▶ Work instructions
Reproduce the listing in full, pictures excluded.

▶ Stored data
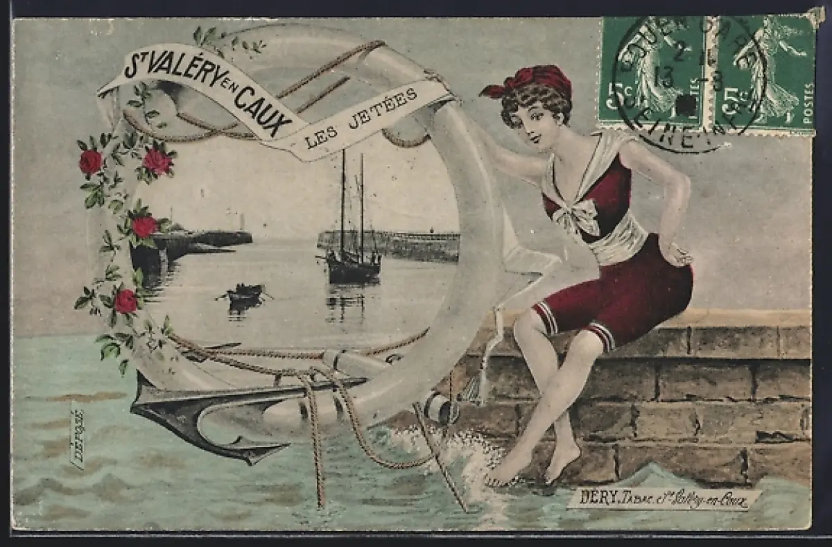 AK St Valéry-en-Caux, Les Jetées avec une femme en tenue de bain et des bateaux au loin
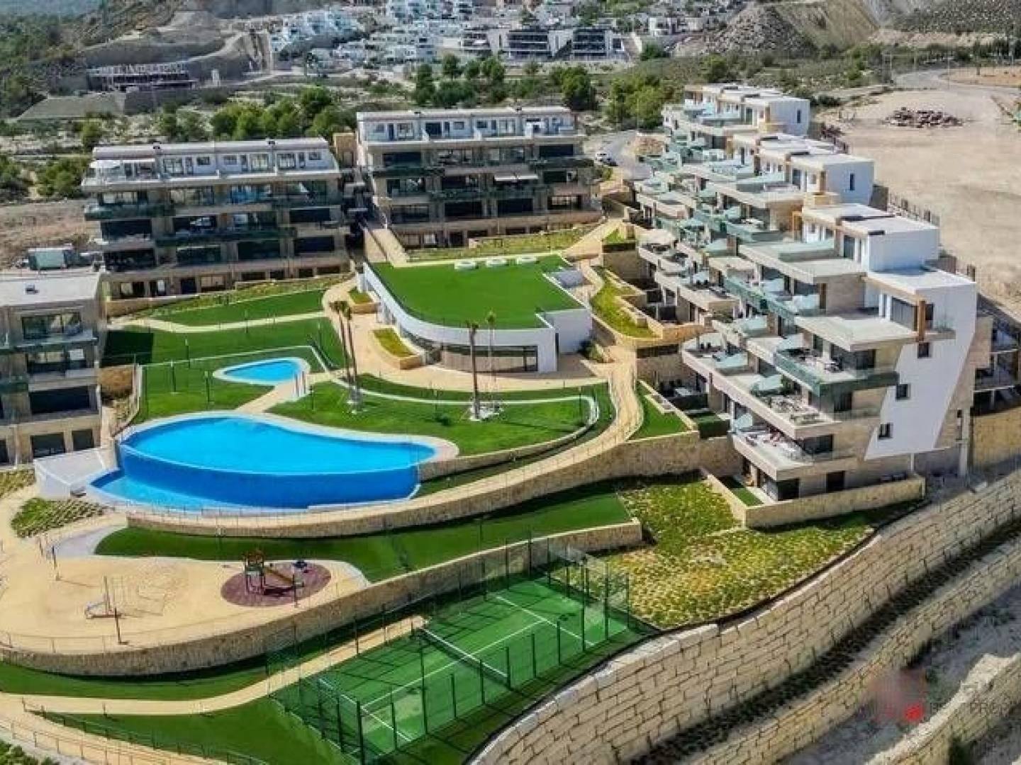 This stunning residential complex offers everything you could wish for: two infinity pools , a heated indoor pool , a children's play area , parks , paddle tennis courts , and expansive green spaces perfect for strolling or gathering at sunset. For work or relaxation, there's a modern coworking space and inviting lounge areas. Well-being is guaranteed with a complete spa area, including a Finnish sauna , jacuzzi , and a fully equipped gym .
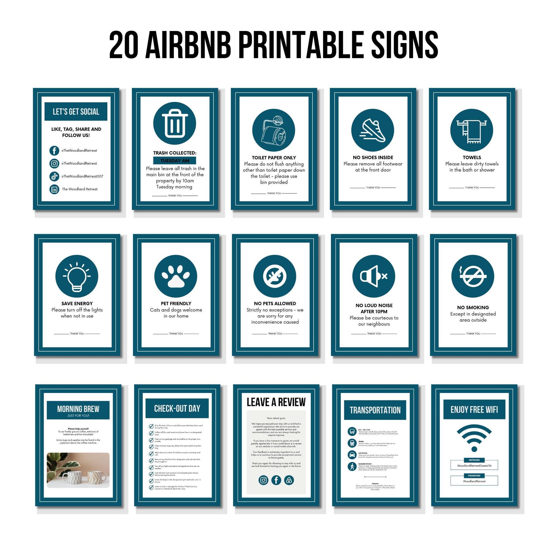 - **20 Printable Signs/21 pages**: Customize and print signs to enhance your Airbnb property. These are designed to help guests navigate your space with ease, create a welcoming environment, and ensure key information is always at their fingertips.

▶ Solution for this exercise
 AK St Valéry-en-Caux, Les Jetées avec une femme en tenue de bain et des bateaux au loin
 This stunning residential complex offers everything you could wish for: two infinity pools , a heated indoor pool , a children's play area , parks , paddle tennis courts , and expansive green spaces perfect for strolling or gathering at sunset. For work or relaxation, there's a modern coworking space and inviting lounge areas. Well-being is guaranteed with a complete spa area, including a Finnish sauna , jacuzzi , and a fully equipped gym .
 - **20 Printable Signs/21 pages**: Customize and print signs to enhance your Airbnb property. These are designed to help guests navigate your space with ease, create a welcoming environment, and ensure key information is always at their fingertips.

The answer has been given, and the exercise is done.